Rackspace Technology will operate Palantir's AI platforms in sovereign and regulated environments under a partnership that has already scaled to 400 certified engineers.
Rackspace Technology will operate Palantir Technologies' Foundry and Artificial Intelligence Platform in sovereign and regulated environments, targeting enterprises that cannot move data across borders or cede control to third-party cloud providers.
"While most regulated enterprises have an AI strategy, they often lack the operating model to put AI into production safely and at scale," Gajen Kandiah, chief executive officer of Rackspace Technology, said.
The partnership has scaled to approximately 400 Palantir certifications across sales, engineering, delivery and operations, up from 30 earlier this year. The first joint deployment — at a US-based solar tracking manufacturer — delivered a 94 percent reduction in quote cycle time using AI-enabled workflows on Palantir Foundry.

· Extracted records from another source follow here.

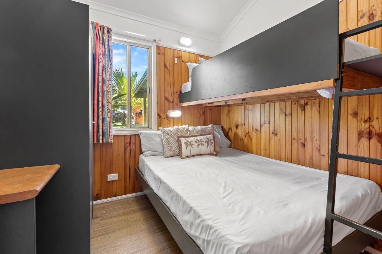 Our Garden Villa has 2 bedrooms. One features a queen bed, while the other offers a Trio bunk bed (double on the bottom and single on top). The cabin includes a well-equipped kitchen with a microwave, rice cooker, and stovetop. Enjoy a separate dining area, a TV in the lounge, and a balcony with outdoor furniture. The bathroom has a separate toilet, and the villa is air-conditioned with fans throughout. It's perfect for families or small groups. Outside, you'll find covered parking. Linen is supplied. Sorry, no pets.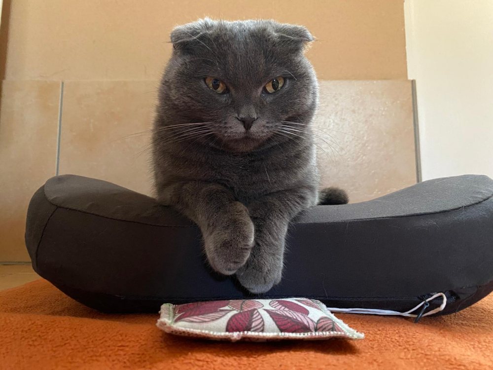 Schottische Faltohrkatzen sind Qualzuchten und leider hat auch Lotta dadurch rassetypische Krankheiten. Deshalb bekommt sie monatlich ein Schmerzmittel gespritzt, das sie lebenslänglich benötigt.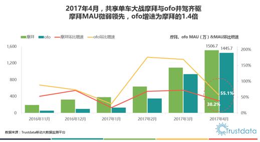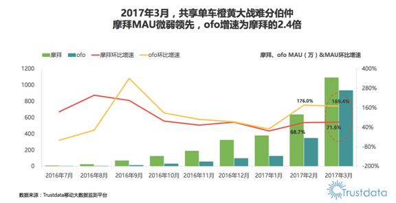近年来呈现出蓬勃发展的态势共享单车,被认为是互联网行业高增长的新引擎之一。而在共享单车行业中,长期领跑的ofo也颇受投资人与用户的关注。在此前发布的 2017 年 1 季度由业内知名数据机构Trustdata发布的陈诉中就显示ofo在 3 月以169.4%的高增速领骑行业,增长势头可谓极其迅猛。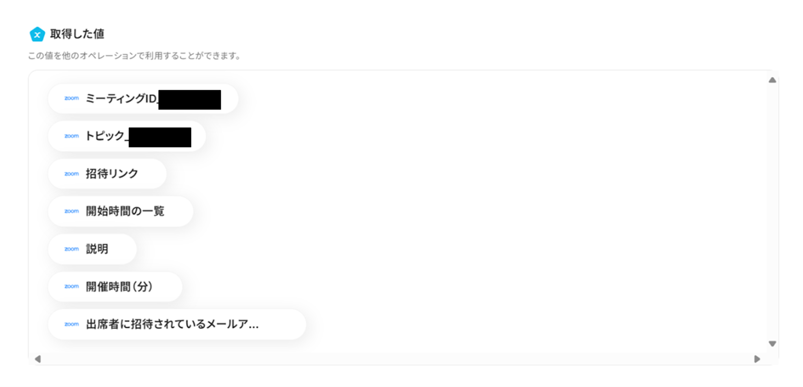 取得した値を使うことで、都度変更することなくZoomの情報を引用することができますよ!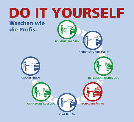 Egal ob Sie Ihren Wagen vor der Waschstraße intensiv vorreinigen oder von Anfang bis Ende komplett selbst waschen möchten. Für Ihre individuelle Autopflege stehen unsere SB-Waschboxen bereit. Hier entscheidet jeder selbst, wie viel Pflege sein Auto benötigt. Nach Auswahl von 7 aufeinander folgenden Reinigungsschritten erstrahlt das Fahrzeug in neuem Glanz. Sogar eine Glanzversiegelung lässt sich auftragen, mit der Ihr Lack vor Umwelteinflüssen geschützt wird. So bekommt auch der Individualist die gewohnt gute CleanCar Qualität.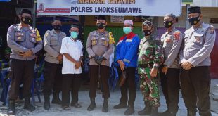 LHOKSEUMAWE- Polres Lhokseumawe kembali menggelar Program Jum’at Baroqah dengan makan gratis bersama warga di salah satu rumah makan di kawasan jalan Medan-Banda Aceh Simpang Eks. PT. Asean, Kec. Dewantara, Kab. Aceh Utara, Provinsi Aceh, Jum’at (24/07/2020) sekitar pukul 13.30 Wib. Tampak di lokasi tersebut sejumlah warga antusias diberikan masker serta …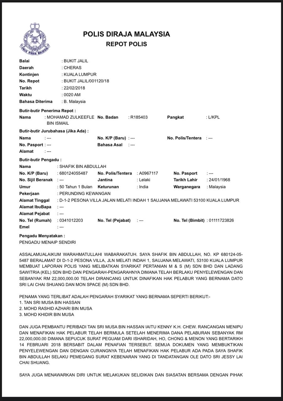 No. Repot: Sungai Besi/ 1409/23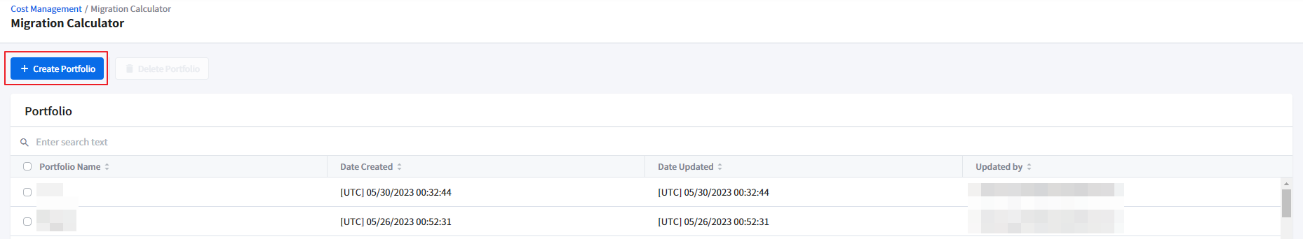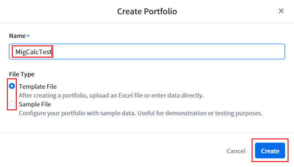 Click the [+ Create Portfolio] button at the top left of the Migration Calculator screen.

Rackspace is committing to deploy Foundry and AIP across more than 70 percent of its own back-office operations under its OneOS program, running its business on the same governed stack it operates for customers. The company plans to reach 30 megawatts of cumulative Enterprise AI capacity by the end of 2028, targeting $450 million to $600 million in annual revenue at full deployment with adjusted EBITDA margins above 50 percent.

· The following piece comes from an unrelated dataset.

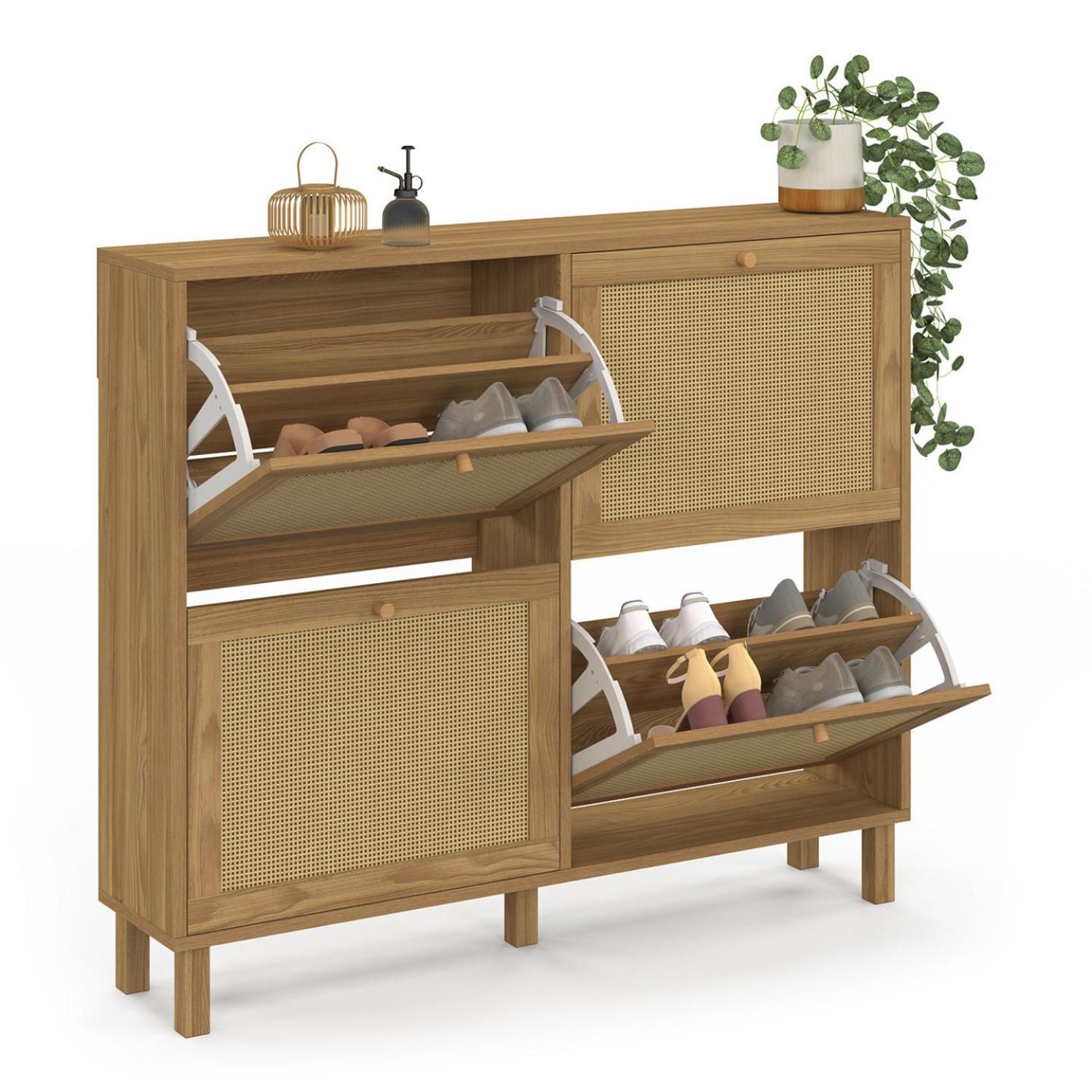 Meuble à chaussures 20 paires HANAE 4 portes effet naturel cannage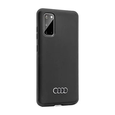 Audi silicone case with soft touch surface With emblem of the Audi rings Microfibre cover on the inside Compatible with Samsung S20 Colour: black

A Framework for Regulated AI
The operating model combines Palantir's AI layer with Rackspace's governed private cloud, sovereign cloud and on-premise infrastructure, along with certified forward-deployed engineers and managed operations. It targets healthcare systems protecting patient records, financial institutions running on regulated data, energy operators with air-gapped infrastructure and sovereign organizations that cannot move data across borders.
Under the definitive agreement announced Thursday, Rackspace serves as a preferred operator for on-premise, private cloud and sovereign Palantir deployments across critical infrastructure in both the public and private sectors. The two companies will work together to acquire and serve customers in healthcare, financial services, energy, private equity and the mid-market.
"Sovereign AI requires more than access to a model," Alex Karp, co-founder and chief executive officer of Palantir Technologies, said. "It requires an operating layer that lets enterprises govern data, enforce permissions, route models, audit actions and deploy capability where the mission lives."
The Financial Calculus
Rackspace lowered its full-year 2026 revenue outlook by $150 million to a range of $2.45 billion to $2.55 billion, and adjusted EBITDA by $20 million to $285 million to $295 million, as it exits low-margin colocation and basic hosting revenue to reserve capacity for Enterprise AI. The company reported preliminary second-quarter revenue of $641 million to $649 million.
The strategic bet is that Enterprise AI capacity will add a new growth vector on top of its established Private Cloud base. Rackspace expects to average $15 million to $20 million of annual revenue per megawatt deployed as GPU and customer mix evolves, with 50 percent-plus adjusted EBITDA margins at full deployment. The company has partnered with AMD, Rubrik, Uniphore and VMware by Broadcom during 2026 to assemble the governed enterprise AI stack.
Rackspace shares trade on the Nasdaq under the ticker RXT. Palantir trades under PLTR.
This article is for informational purposes only and does not constitute investment advice.